Only one stretch of the listing below is wanted. Give it again exactly, from the line with "The thick, textured" through the line with "Double extendable cable".

> [EXERCISE INPUTS]:
◇ ◇ ◇ ◇ ◇ ◇ ◇
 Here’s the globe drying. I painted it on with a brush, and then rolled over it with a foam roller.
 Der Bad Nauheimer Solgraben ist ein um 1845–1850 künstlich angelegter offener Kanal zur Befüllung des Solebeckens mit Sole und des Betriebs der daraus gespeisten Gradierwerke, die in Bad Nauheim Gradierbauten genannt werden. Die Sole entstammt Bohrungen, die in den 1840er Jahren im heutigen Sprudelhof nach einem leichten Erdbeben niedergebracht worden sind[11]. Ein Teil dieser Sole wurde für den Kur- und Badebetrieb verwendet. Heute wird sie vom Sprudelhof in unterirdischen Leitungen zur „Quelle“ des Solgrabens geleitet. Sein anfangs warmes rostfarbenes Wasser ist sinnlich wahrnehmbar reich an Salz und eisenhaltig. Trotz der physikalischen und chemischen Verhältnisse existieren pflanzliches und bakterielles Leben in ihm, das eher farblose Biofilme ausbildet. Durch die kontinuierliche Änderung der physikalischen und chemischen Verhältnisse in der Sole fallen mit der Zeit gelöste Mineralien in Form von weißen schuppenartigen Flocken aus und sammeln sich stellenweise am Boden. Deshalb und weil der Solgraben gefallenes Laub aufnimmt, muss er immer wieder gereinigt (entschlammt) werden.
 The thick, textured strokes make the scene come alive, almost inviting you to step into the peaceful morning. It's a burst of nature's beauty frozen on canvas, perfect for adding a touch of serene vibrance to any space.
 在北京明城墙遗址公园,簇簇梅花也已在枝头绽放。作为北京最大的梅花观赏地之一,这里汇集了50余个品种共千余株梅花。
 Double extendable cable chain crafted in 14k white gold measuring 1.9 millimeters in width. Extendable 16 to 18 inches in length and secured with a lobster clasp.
◇ ◇ ◇ ◇ ◇ ◇ ◇
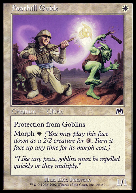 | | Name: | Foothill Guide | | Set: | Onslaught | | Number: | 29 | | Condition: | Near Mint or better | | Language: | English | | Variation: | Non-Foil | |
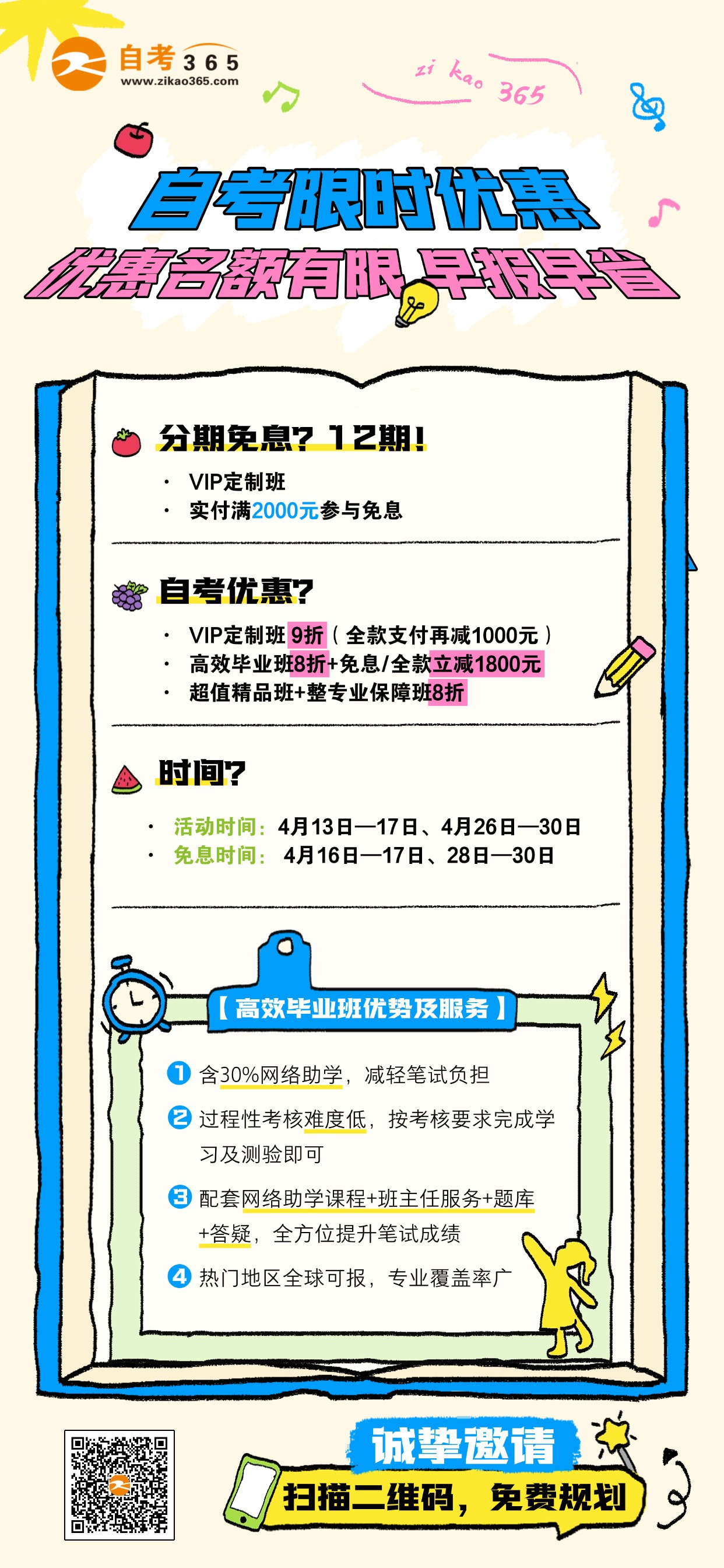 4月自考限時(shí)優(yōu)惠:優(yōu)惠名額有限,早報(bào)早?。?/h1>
◇ ◇ ◇ ◇ ◇ ◇ ◇
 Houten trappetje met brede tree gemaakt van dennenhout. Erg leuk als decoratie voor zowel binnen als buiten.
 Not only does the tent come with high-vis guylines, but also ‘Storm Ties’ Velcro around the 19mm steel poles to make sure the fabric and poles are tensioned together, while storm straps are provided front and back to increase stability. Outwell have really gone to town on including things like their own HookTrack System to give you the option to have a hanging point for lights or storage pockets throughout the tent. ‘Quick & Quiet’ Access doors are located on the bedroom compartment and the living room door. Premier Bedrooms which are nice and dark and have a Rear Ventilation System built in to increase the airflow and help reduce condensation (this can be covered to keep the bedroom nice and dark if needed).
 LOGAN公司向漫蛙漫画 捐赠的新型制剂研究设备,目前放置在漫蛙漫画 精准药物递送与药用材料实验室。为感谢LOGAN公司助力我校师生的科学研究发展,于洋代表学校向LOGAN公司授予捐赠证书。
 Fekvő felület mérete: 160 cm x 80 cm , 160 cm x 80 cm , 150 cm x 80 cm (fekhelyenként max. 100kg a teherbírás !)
◇ ◇ ◇ ◇ ◇ ◇ ◇
> [TASK RESULT]:
 The thick, textured strokes make the scene come alive, almost inviting you to step into the peaceful morning. It's a burst of nature's beauty frozen on canvas, perfect for adding a touch of serene vibrance to any space.
 在北京明城墙遗址公园,簇簇梅花也已在枝头绽放。作为北京最大的梅花观赏地之一,这里汇集了50余个品种共千余株梅花。
 Double extendable cable chain crafted in 14k white gold measuring 1.9 millimeters in width. Extendable 16 to 18 inches in length and secured with a lobster clasp.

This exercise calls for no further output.